Thursday, August 16, 2018

Darth Bane: Dynasty of Evil, by Drew Karpyshyn

Today I'm finishing the Darth Bane trilogy with the last book, Dynasty of Evil. As I mentioned in reviews of the previous books I hadn't known quite how to feel about these books. On the one hand, the books don't try to make the Sith out as misunderstood bad guys or the Republic as little better than terrorists. But on the other hand with the ending of the last book I was unsure where the series was going to go from where it ended. The final book is okay but it leaves me ultimately wondering if we needed the story to be told at all.

The book picks up another ten years after the last book, with Bane and Zannah living in secrecy, slowly building their plan to destroy the Jedi and the Republic. The problem for Bane is that so far Zannah hasn't made any attempt to challenge him and take the mantle of leadership. Bane has become worried that Zannah is merely waiting for the ravages of time to do him in, completely violating the principle of the Rule of Two. But if Bane is to successfully replace Zannah with another apprentice he'll need to find a way to cheat death itself.

Meanwhile, it turns out that Serra, the daughter of the healer Caleb who Bane intimidated and then murdered, has married into the royal family of the planet Doan. When her husband, the crown prince, is murdered by a rebel group, Serra ends up on a path of revenge that will take her to face her greatest fears and confront Darth Bane.

The biggest feeling I was left with at the end of this book was did we really need to tell this story? I mean, I kind of like Serra's arc and discovering that revenge truly isn't worth it in the end and making her peace with that, but this is really the first time she's a character in these books. I think I'd have preferred a more in-depth plot with the Jedi across all three books, rather than the haphazard sort of approach we have to the non-Sith characters. It's not that Serra's a bad character, but it feels like they had a couple different ideas for protagonists against the Sith and went with all of the instead of just focusing on a few. I think it would have made the books feel more connected, because as they are they feel like episodes rather than a complete arc.

As for Bane and Zannah, I feel like we didn't need to see the ending of their conflict. We knew one way or another that Zannah would eventually replace Bane and continue the line of the Sith which would end with Palpatine and Vader. I kind of took it for granted that Zannah would be the one to succeed in this conflict and the biggest question was who of the three Force-sensitive characters we have in this book would end up being the next apprentice. I'm just left wondering if this was a story that needed to be told.

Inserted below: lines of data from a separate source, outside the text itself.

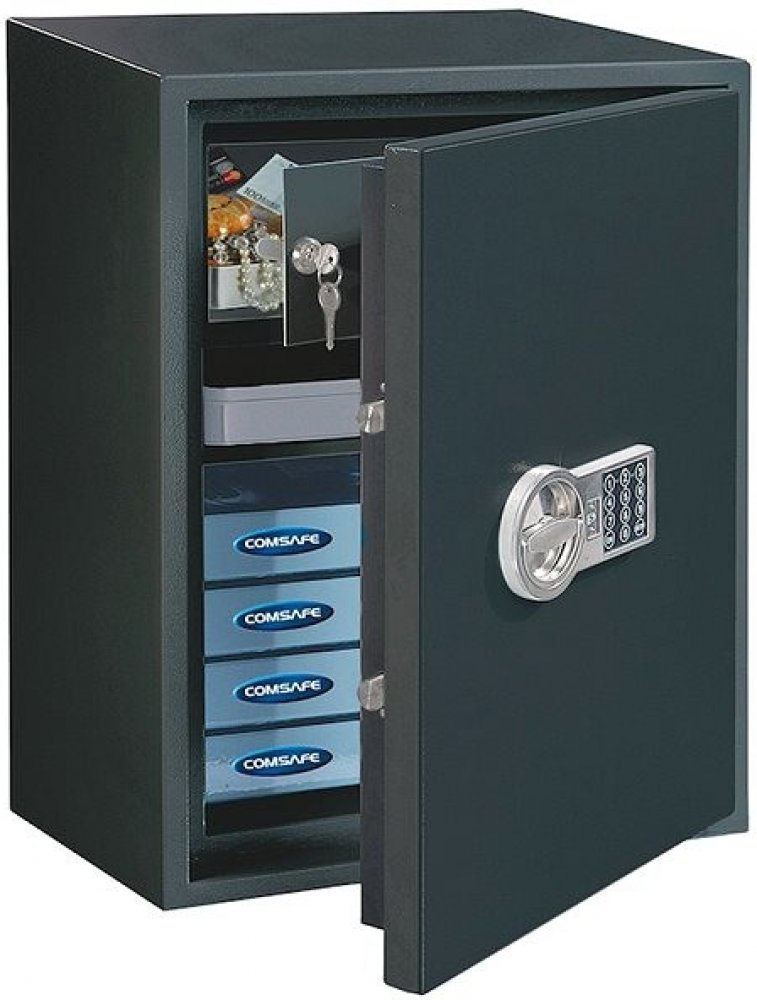 Hlavní výhody: Certifikovaný elektronický zámek Bezpečnostní třída S2 (ČSN EN 14450) Možnost úschovy zbraní a munice podle č. 190/2003 Sb Uzamykatelná vnitřní schránka s cylindrickým zámkem a 2 klíči Dvouplášťový nábytkový trezor Napájení 1 x 9V baterií (součástí balení) Tloušťka pláště dveří 70 mm Požární záhyb na dveřích Polička uvnitř Černý dvouplášťový trezor s certifikátem o bezpečnostní tříd...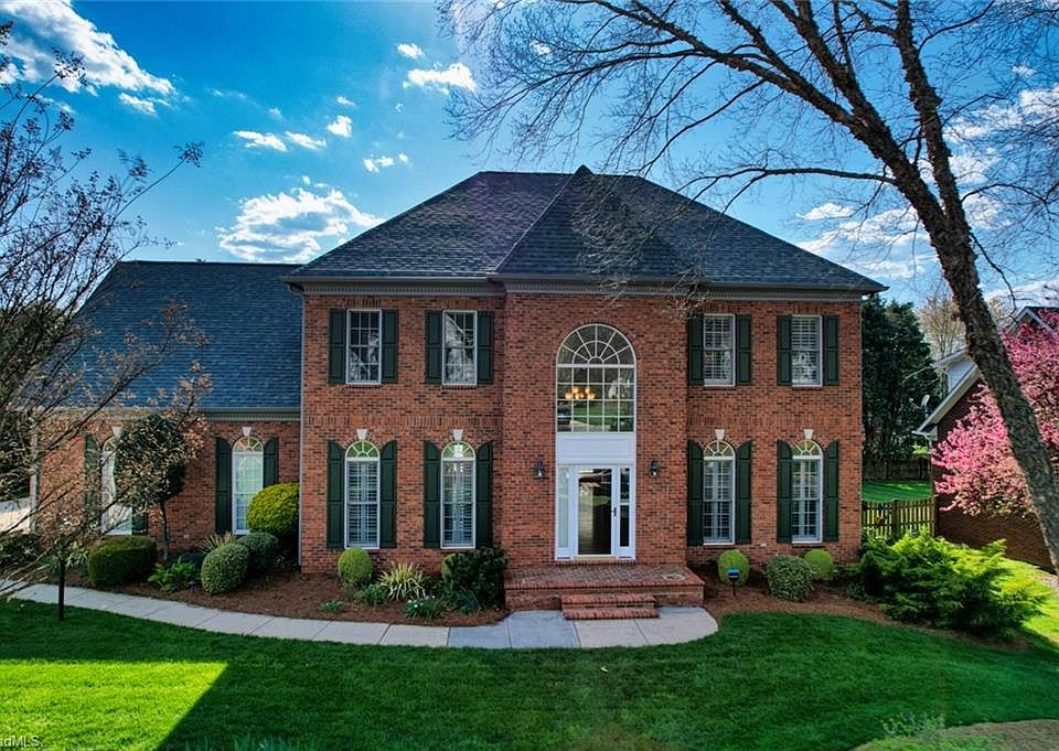 GREENSBORO - Westridge Valley 5Br 3Ba with Pool! No HOA! Elegant traditional brick 2-story home has many updates including custom moldings, palladium windows and more! New covered porch and deck (2022) overlook 40,000 gallon saltwater heated pool. Open floor plan features updated eat-in kitchen with abundant cabinet storage, large island, granite countertops, tile backsplash and stainless steel appliances, including new dishwasher (2023), gas cooktop & gas stove. Primary suite with custom closet and bath remodel (2021). New HVAC 2022. New roof & gutters 2023. Exterior trim painted 2023. Tankless natural gas water heater & natural gas heat. Natural gas dryer connection in spacious laundry with cabinetry. Greenhouse with water & power. Charge Point electric car charger in the garage. Great location near Westridge/Pinetop Swim & Tennis club and around the corner from new state of the art Claxton elementary school opening August 2024. Move-in ready!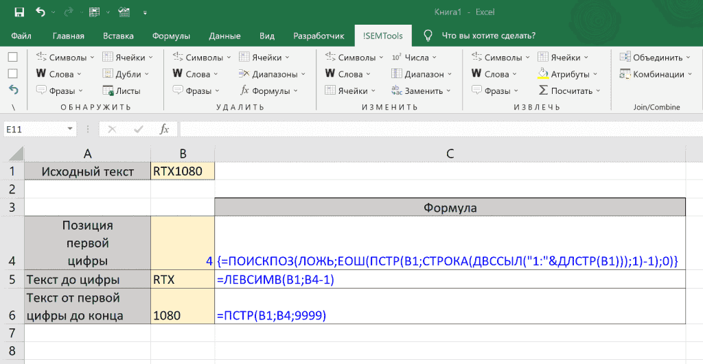Разбить текст и цифры с !SEMTools в 2 клика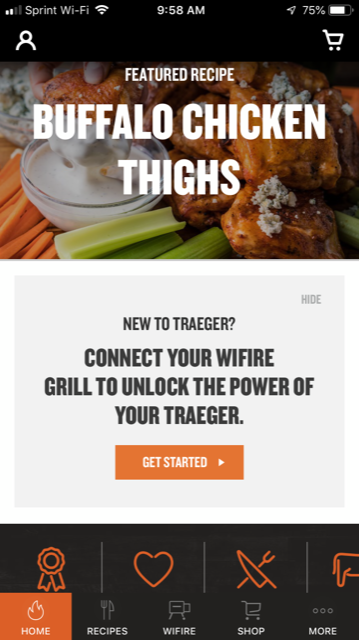 GOAL: Design a user experience that invites new and returning app users to: • Simplify the technology of using their grill. • Engage with users by providing them relevant, customized tools to optimize their grilling experience. • Increase consumable product sales through the app. • Teach customers how to master their Traeger Grill.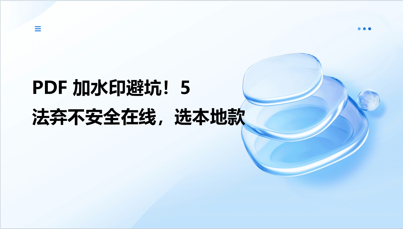 咱们先来说说为什么要给PDF加水印。除了最基本的防盗和版权声明之外,水印其实超有用。比如你可以用“草稿”水印来区分文件版本,用“机密”水印来提醒阅读者注意保密,甚至可以用水印来标注项目名称或日期,方便后续管理。而且你知道吗?合适的水印不仅不会遮挡内容,反而会让你的文档看起来更专业。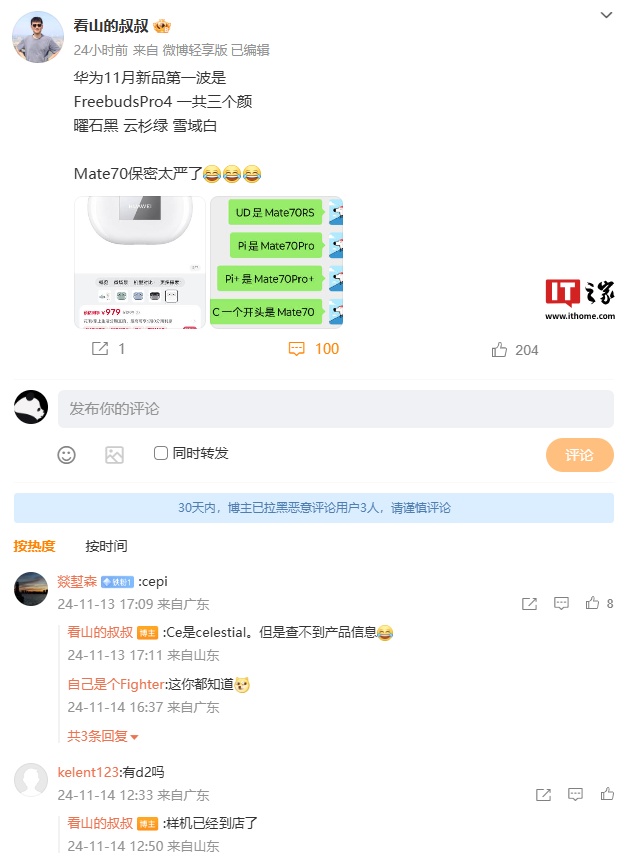 评论区中有网友询问是否有华为 WATCH D2 智能手表新品,博主回复称“样机已经到店了”。预计华为 WATCH D2 智能手表国行版将在此次新品发布会上正式亮相。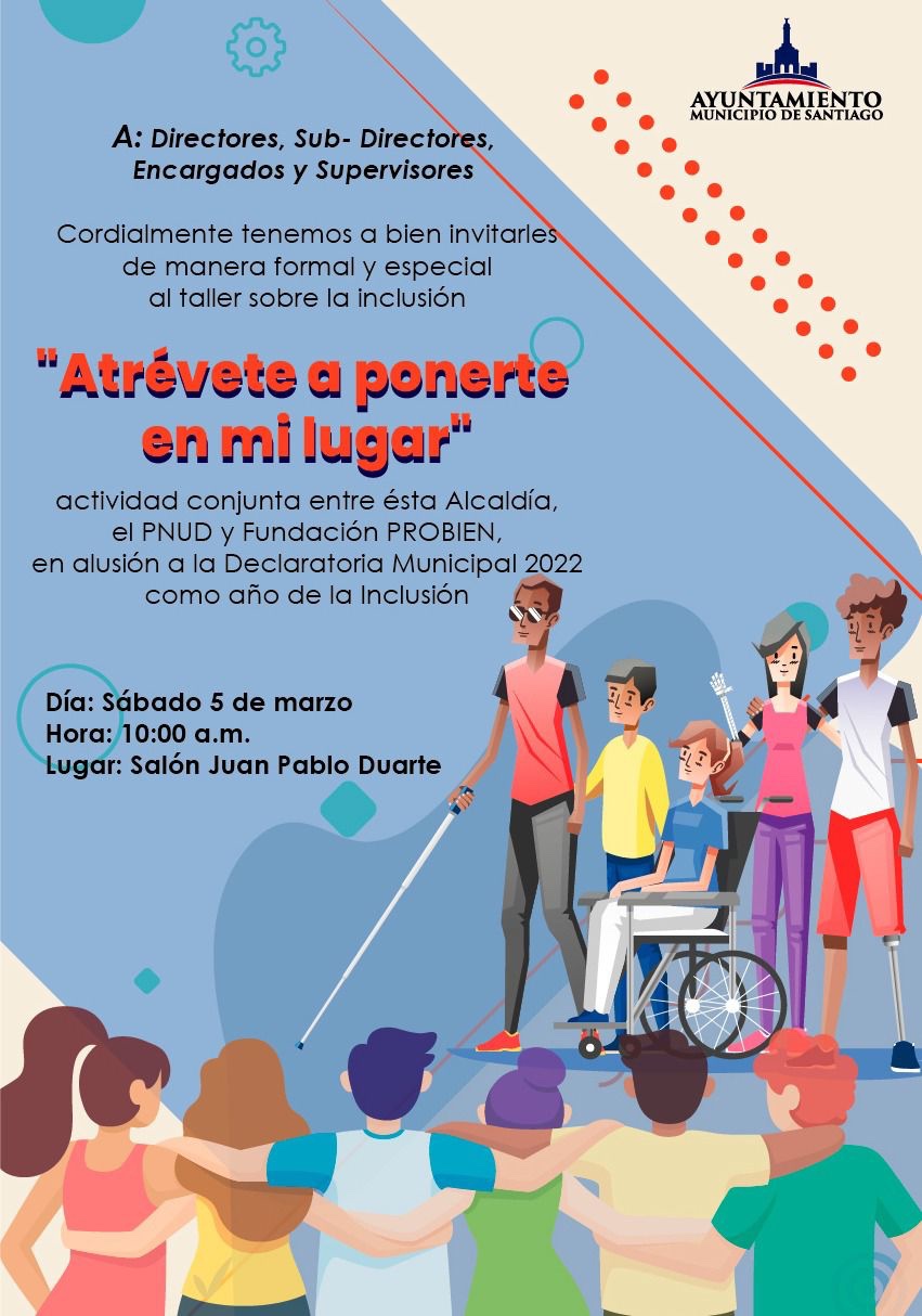 Santiago RD,>La Alcaldía de Santiago, celebrará de manera conjunta con el Programa de las Naciones Unidas para el Desarrollo, (PNUD) y la Fundación PROBIEN, el taller, “Atrévete a ponerte en mi lugar”, actividad que busca hacer de Santiago, una ciudad más justa e inclusiva.

I think what would have improved this series would have been more development on the light-side of things, maybe having a few consistent Jedi characters, perhaps motivated slightly by revenge or tempted by the dark side, to serve as a contrast or foil to Bane and Zannah. Instead we end up with multiple characters who get far less spotlight time than Bane and Zannah. It also could have produced a better arc over three books than each book feeling like its own story. These books are okay, but definitely leave room for improvement.